MOESM1 of Polymer coated gold-ferric oxide superparamagnetic nanoparticles for theranostic applications

Additional file 1: Figure S1. (a) PLL trypan blue standard curve; and (b) Au–Fe3O4 concentration measurement standard line. Figure S2. Hydrodynamic diameters of (a) Au–Fe3O4 NPs and (b) PLL coated Au–Fe3O4 NPs in water as measured by dynamic light scattering (DLS). Three color codes indicate three independent DLS measurements. Figure S3. Magnetic relaxation (MR) characterization of (A and C) Au–Fe3O4 and (Band D) PLL–Au–Fe3O4 NPs. A) Spin-spin MR (T2 ms) of bare Au–Fe3O4 NPs was found to be 190 ms, whereas, it was B) 280 ms for PLL–Au–Fe3O4 NPs at a given concentration of 10 μg/mL. This change in T2 MR value is the indicative of effective PLL coatings. Concentration dependent (1–100 μg/mL) T2 values were obtained in PBS (pH 7.2) and in 10% FBS for C) Au–Fe3O4 and D) PLL–Au–Fe3O4 NPs. These results indicated that with increase in concentration, the MR properties of these NPs increase and were found to be stable in physiological pH and in sera. Figure S4. The PLL–Au–Fe3O4 NPs uptake by (a) BT-474 and (b) MDA-MB-231 cells after 24 h incubation. Red circles indicate the endosomal vesicles that clearly retain the NPs as appeared in dark black spots.
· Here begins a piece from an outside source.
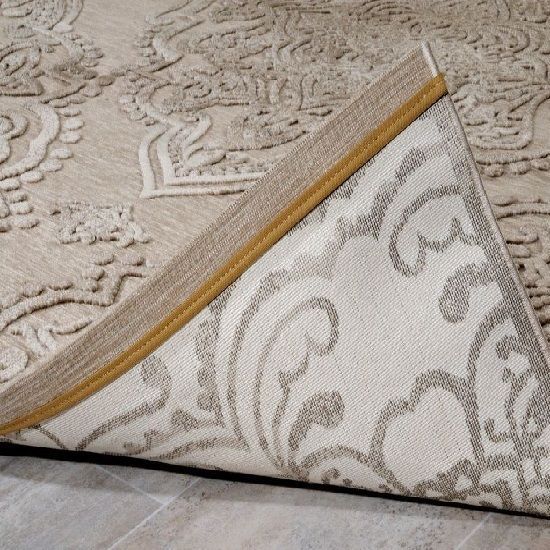 Διάδρομος μηχανής 4 εποχών φάρδους 67 εκατοστών που κόβεται και ρελιάζεται στο μήκος που επιθυμείτε από τη σειρά Harmony της εταιρείας Tzikas Carpets, με vintage σχέδιο. σε μπεζ χρώμα με καφέ και εκρού λεπτομέρειες. Εκλεπτυσμένο χαλί με καλοδουλεμένη μίξη χρωμάτων . Μπορεί να τοποθετηθεί σε όλους τους χώρους του σπιτιού, αναβαθμίζοντας την αισθητική τους, καθώς προσδίδει μία πινελιά πολυτέλειας. Iδανικό για όλες τις εποχές με μοναδική αίσθηση στο πάτημα, θα στολίσει τον χώρο σας καθόλη τη διάρκεια του έτους. Είναι κατασκευασμένο με ανεξίτηλα νήματα από heatset πολυπροπυλένιο και polyester. Η βάση είναι chenille ψάθα, ενώ το μοτίβο παρουσιάζει έντονο ανάγλυφο. Το βάρος του χαλιού είναι 1.400gsm και έχει πέλος ύψους 4mm. Το υπόστρωμα είναι υφαντό και καθιστά το χαλί ανθεκτικό στην χρήση και τις πλύσεις. Είναι αντιστατικό επομένως δεν μαγνητίζονται χνούδια, μικροσωματίδια και σκόνη στην επιφάνειά του, ενώ το σκούπισμα με ηλεκτρική σκούπα είναι εύκολο και αποτελεσματικό. Τα χαλιά της εταιρείας Tzikas Carpets είναι υποαλλεργικά και φιλικά προς την υγεία και το περιβάλλον.Τιμή μέτρου.

Figure S5. MTT cell viability assay of BT-474 (filled circle, solid line) and MDA-MB-231 (open circle, dotted line) cell viability after treatment with PLL–Au–Fe3O4 NPs under a 650 nm laser irradiation for 10 min. Table S1. The percentage encapsulation efficiency of PLL on Au–Fe3O4 NPs.